La condición es más notable en personas de piel oscura, pero afecta igualmente a todos los grupos étnicos.
¿Qué es el vitíligo?
El vitíligo es una enfermedad de la piel en la que aparecen manchas blancas como resultado de la pérdida de pigmento. Fundamentalmente la melanina, que es el pigmento que da el color a piel, pelo y ojos. Esta se produce en células llamadas melanocitos.

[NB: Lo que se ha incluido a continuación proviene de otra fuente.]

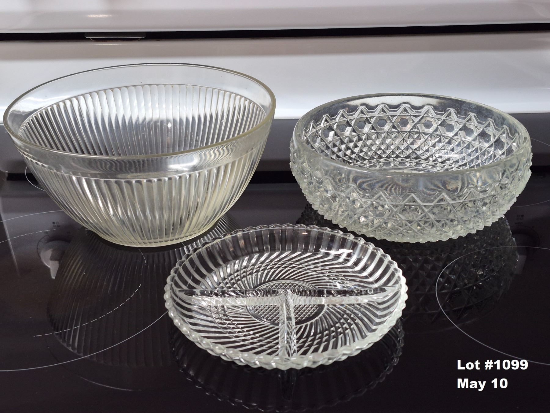 Vintage Bowls and Serving Platter - Depression Era Heavy Glass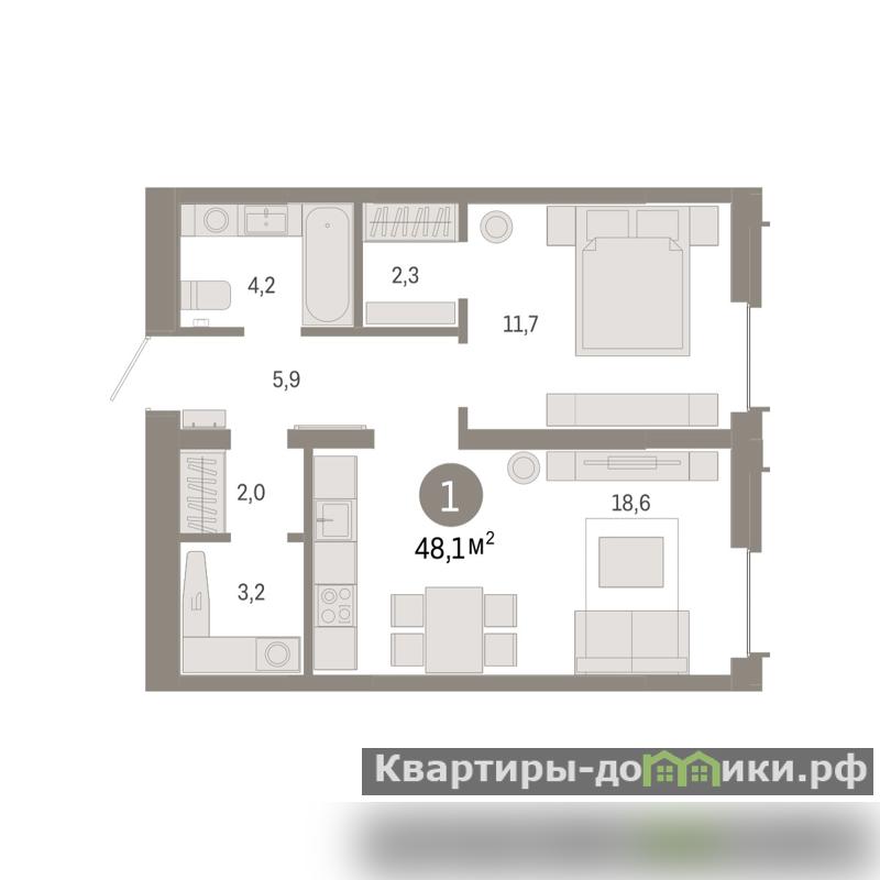 Квартира с кухней-гостиной и одной спальней в жилом районе Республики 205. Особенности планировки: гардеробная, вид во двор, предчистовая отделка, постирочная.

Las manchas blancas características del vitíligo surgen cuando unas células determinadas, los melanocitos, se dañan o se destruyen. Estas células son las encargadas de producir melanina, la sustancia que da color a nuestra piel. Además de dar color a la piel, los melanocitos la protegen de los rayos solares.
El vitíligo es una enfermedad autoinmune crónica que provoca la despigmentación de la piel en forma de manchas blancas repartidas por el cuerpo. Esta pérdida de color se produce por la desaparición progresiva de melanocitos, que son las células encargadas de producir melanina y, por lo tanto, de dar color a la piel y el cabello.
La enfermedad, que es crónica, provoca la aparición de parches blancos o pálidos en la piel en los cuales se pierde la melanina. La enfermedad puede ocurrir en cualquier zona de la piel, pero por lo general surge en las partes que están expuestas al sol, como la cara, el cuello y las manos. Puede ser más notable en las personas de piel oscura o bronceada y varía de una persona a otra.
“En la actualidad no se sabe con exactitud por qué dejan de realizar esta función, pero algunos expertos en la materia opinan que podría darse por una reacción errónea del sistema inmunológico. Si es así, esto ocurriría por una predisposición genética contra estas células en particular” señala el Dr.
¿Cómo se produce?
El vitíligo ocurre porque se destruyen las células de la piel que producen la melanina: los melanocitos. El vitíligo es el resultado de la desaparición de los melanocitos de la piel. Esto ocurre porque las propias defensas de la piel (el sistema inmunitario) reaccionan de forma equivocada atacando a estas células.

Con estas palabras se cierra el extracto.